START DATA

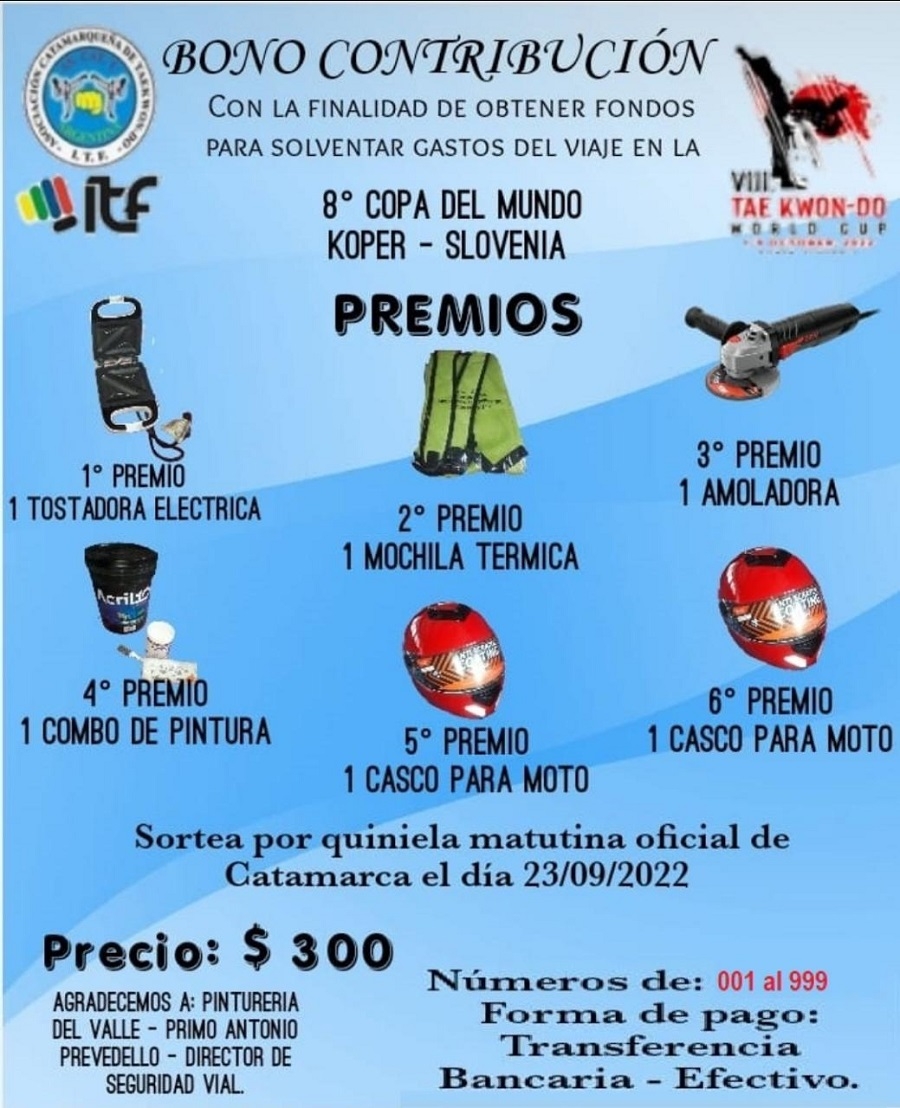Con tal motivo se ha puesto a la venta un Bono Contribución, a un costo de $300, cuyos atractivos premios son:
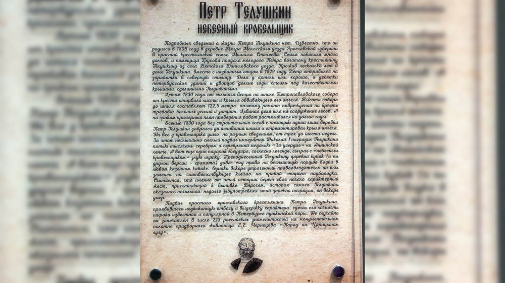 Жило-было в Ярославской губернии богатое зажиточное село. Оно считалось «огуречной столицей» — уж больно хороши были местные соленые огурчики. Кстати, большая их часть шла на торги в Архангельск, и только в 1906 году из Вятского было вывезено около 8 190 тонн огурцов! Но особенно знамениты были местные отхожие артели — кровельщиков и печников. Работали эти артели в основном в Петербурге и славились своим непревзойденным мастерством. Особую известность приобрел «небесный кровельщик» Петр Телушкин, который в 1831 году осуществил сложнейший ремонт крыла ангела, венчавшего шпиль Петропавловского собора, и стал, таким образом, первым в России промышленным альпинистом.
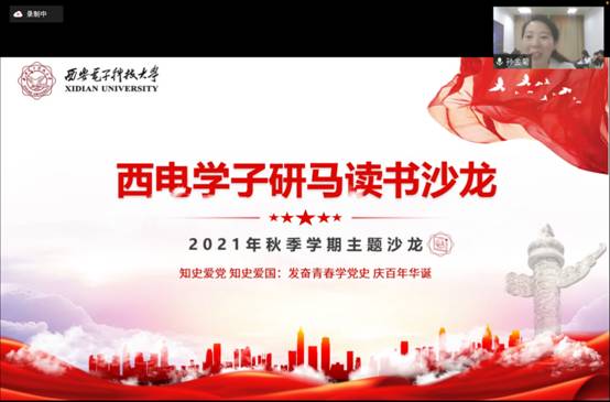 (通讯员 彭岗岗 刘桐宇 孙金菊)20211210日下午,由yl23455永利集团主办,竹园三号、海棠一号、海棠二号书院合办的西电学子研马读书沙龙本学期总结活动在线上成功开展。至此,以“知史爱党、知史爱国:发奋青春学党史庆百年华诞”为主题的该读书沙龙本学期活动圆满结束。马院党委书记夏永林、本科生院教学发展中心主任杨明磊、海棠2号书院副书记马慧出席活动。学院及书院部分教师、研究生和本科生共230余人参加了本次活动。活动由马院孙金菊老师主持。
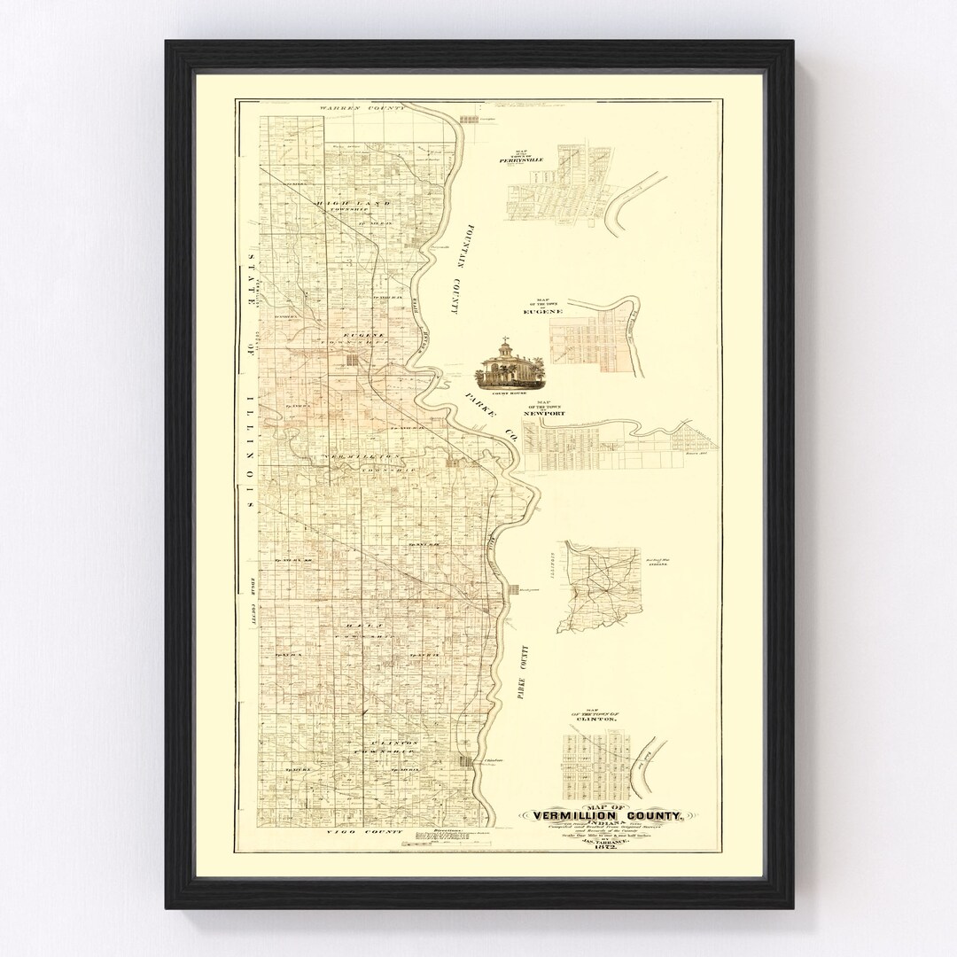 Vermillion County Map 1872 Vintage Vermillion County Map Old
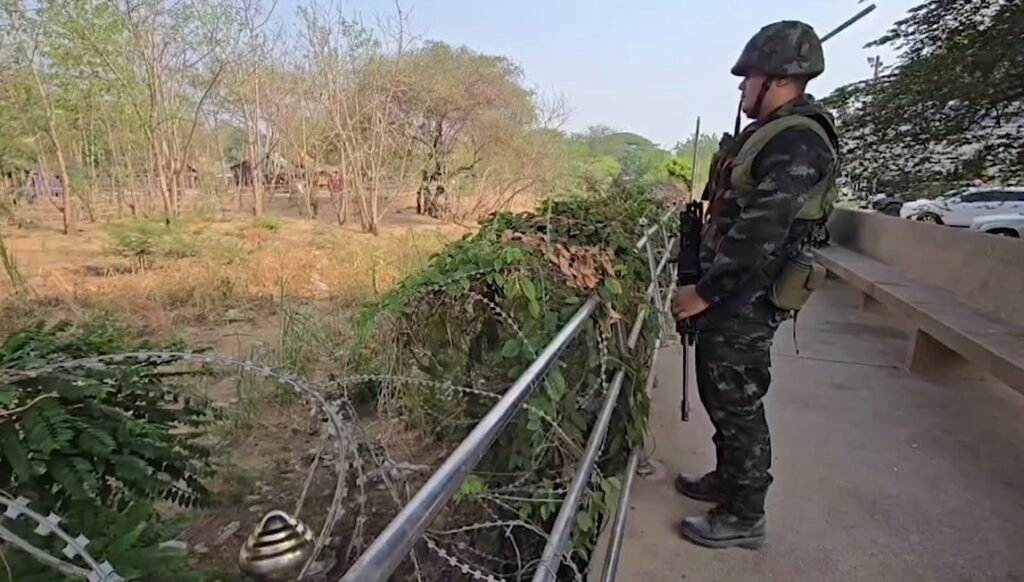 จากเจ้าหน้าที่ทหารหน่วยเฉพาะกิจราชมนู ฝ่ายปกครอง อ.แม่สอด ตำรวจตระเวนชายแดนที่ 346 แม่สอด พร้อมอาวุธครบมือ ยังคงเสริมกำลังและตรึงกำลังเจ้าหน้าที่อย่างแน่นหนา และตรวจลาดตระเวนแนวตะเข็บชายแดนไทย-เมียนมา อย่างเข้มงวดตลอด 24 ชั่วโมง
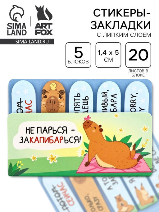 • Цена за 2 шт. Набор стикеров-закладок «Не парься-закапибарься!», 5 шт., 20 л

END DATA

• EXERCISE BRIEF
Nothing but the text is wanted: repeat the data above exactly, without its images.

• EXPECTED OUTPUT
Con tal motivo se ha puesto a la venta un Bono Contribución, a un costo de $300, cuyos atractivos premios son:
 Жило-было в Ярославской губернии богатое зажиточное село. Оно считалось «огуречной столицей» — уж больно хороши были местные соленые огурчики. Кстати, большая их часть шла на торги в Архангельск, и только в 1906 году из Вятского было вывезено около 8 190 тонн огурцов! Но особенно знамениты были местные отхожие артели — кровельщиков и печников. Работали эти артели в основном в Петербурге и славились своим непревзойденным мастерством. Особую известность приобрел «небесный кровельщик» Петр Телушкин, который в 1831 году осуществил сложнейший ремонт крыла ангела, венчавшего шпиль Петропавловского собора, и стал, таким образом, первым в России промышленным альпинистом.
 (通讯员 彭岗岗 刘桐宇 孙金菊)20211210日下午,由yl23455永利集团主办,竹园三号、海棠一号、海棠二号书院合办的西电学子研马读书沙龙本学期总结活动在线上成功开展。至此,以“知史爱党、知史爱国:发奋青春学党史庆百年华诞”为主题的该读书沙龙本学期活动圆满结束。马院党委书记夏永林、本科生院教学发展中心主任杨明磊、海棠2号书院副书记马慧出席活动。学院及书院部分教师、研究生和本科生共230余人参加了本次活动。活动由马院孙金菊老师主持。
 Vermillion County Map 1872 Vintage Vermillion County Map Old
 จากเจ้าหน้าที่ทหารหน่วยเฉพาะกิจราชมนู ฝ่ายปกครอง อ.แม่สอด ตำรวจตระเวนชายแดนที่ 346 แม่สอด พร้อมอาวุธครบมือ ยังคงเสริมกำลังและตรึงกำลังเจ้าหน้าที่อย่างแน่นหนา และตรวจลาดตระเวนแนวตะเข็บชายแดนไทย-เมียนมา อย่างเข้มงวดตลอด 24 ชั่วโมง
 • Цена за 2 шт. Набор стикеров-закладок «Не парься-закапибарься!», 5 шт., 20 л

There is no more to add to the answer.